Жават-хан, разумеется, не претендовал на Престол. Напротив, он мудро
готовил коронацию Умахана, выказывая ему всяческую свою преданность.
Но вот если и с ним случится беда, Престол сам упадет ему в руки, словно
сбитое палкой яблоко, и никто не сможет обвинить его в захвате власти,
поскольку двое других сыновей Мухаммад-Нуцала были рождены
грузинкой. Да и малы они слишком, чтобы управлять, даже если будут
коронованы. Ханша прекрасно это понимала и ждала лишь часа, чтобы
окончательно разрушить заговор, вынашиваемый много лет старой
принцессой.


* * *
Безутешное горе двух овдовевших жен Мухаммад-Нуцала и их детей
старались разделить с ними как могли кайтагские, казикумухские и,
разумеется, хунзахские родственники, преимущественно дальние. Дедушка
Ханмухаммад-уцмий отсыпал в казну две тысячи серебряных рублей
русской чеканки. Столько же денег безвозмездно дали и двоюродные
братья из Кази-Кумуха. По пятьсот и по триста рублей дали и иные
правители и беки. Раскошелились и некоторые богатые уздени.
Это были немалые деньги, но их не хватило бы на армию, достаточно
большую, чтобы сокрушить нуцалоубийцу – Фатали-хана Купинского.
После двух неудачных походов, принесших трагедию в тысячи аварских
домов, нелегко было созвать под знамена узденей для нового похода. Да
и некому было это сделать. Жават-хан никогда не отличался
полководческим даром. Да и верные престолу воители были сломлены
духом, прятали глаза, ибо стыдно им было отвечать на вопросы гордых
узденей, которые в гневе могут бросить в лицо правду, горькую
и оскорбительную правду о поражении.
Другое дело, если враг вторгнется в пределы Аварии! Тут деньги даже
не понадобятся монарху. За тысячелетнюю историю Исламской Аварии
еще ни одному врагу не удалось выдержать с аварцами в горах и трех
сражений.
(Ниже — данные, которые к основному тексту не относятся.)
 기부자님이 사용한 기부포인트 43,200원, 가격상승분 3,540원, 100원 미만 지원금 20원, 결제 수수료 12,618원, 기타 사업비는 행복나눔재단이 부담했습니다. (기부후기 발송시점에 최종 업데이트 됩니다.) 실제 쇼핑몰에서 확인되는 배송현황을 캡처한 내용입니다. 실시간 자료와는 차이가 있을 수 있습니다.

Даже Петр I не сунулся в горы, когда Дугри-Нуцал решил
прощупать длинноволосые полчища солдат, неизвестно зачем движущиеся
с севера на юг.
Тогда, в 1722 году, Дугри-Нуцал с вершины Кизильдага (вблизи
современного города Кизилюрта) ударил по текущим по равнине полкам
несколькими «острыми клиньями» из легкой конницы. Многотысячный
корпус армии Петра Первого пребывал в смятении и панике.
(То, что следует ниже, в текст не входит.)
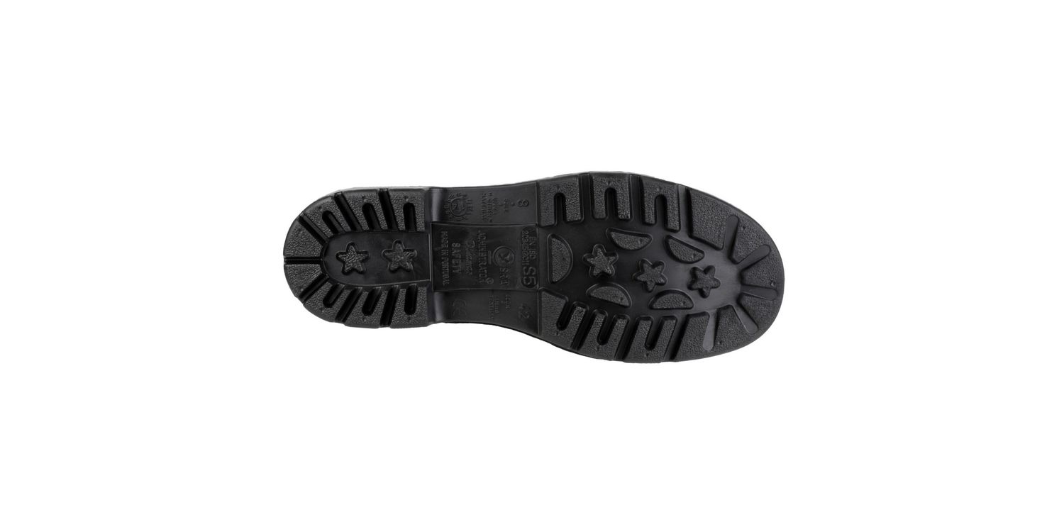 Lightweight, waterproof black PVC/Nitrile wellington with ribbed deflector panels ideal for labourers. Includes 200 Joule impact and compression resistant steel toe cap and underfoot protection is given with a steel midsole.Comfortable and practical safety bootFully waterproof PVC wellingtonImpact and compression resistant toe capAnti-static and energy absorbing heel

В заклубившихся пыльных тучах аварцы, захватив несколько десятков
солдат и офицеров, спеленали их веревками прямо в бою, как младенцев,
и увезли с собой в горы.


Дугри-Нуцал побеседовал с ними через купцов, много лет торгующих
по берегам Волги и хорошо владеющих русским языком. Он интересовался
размерами их пахотных земель, количеством скота, многочисленностью
городов и был поражен предприимчивостью русских. И в самом деле, если
у них на севере необозримые земли, бескрайнее море, а рек и озер просто
не сосчитать, зачем им еще понадобилось топать под знойным солнцем
пыльными дорогами на юг, проливая чужую и свою кровь? Чего им
не хватает? Прислали бы лучше своих купцов в гордый Хунзах, и то
больше проку, конечно, если разбойники не нападут. Но на то в Хунзахе
есть авангардные сотни, они могут сопровождать караваны. А когда Дугри-
Нуцал узнал от пленных, что их великий царь, выстроивший новую
столицу страны Урусов из мрамора и гранита, идет с войной на Персию,
так возрадовался и тут же велел отпустить всех с миром и с подарками.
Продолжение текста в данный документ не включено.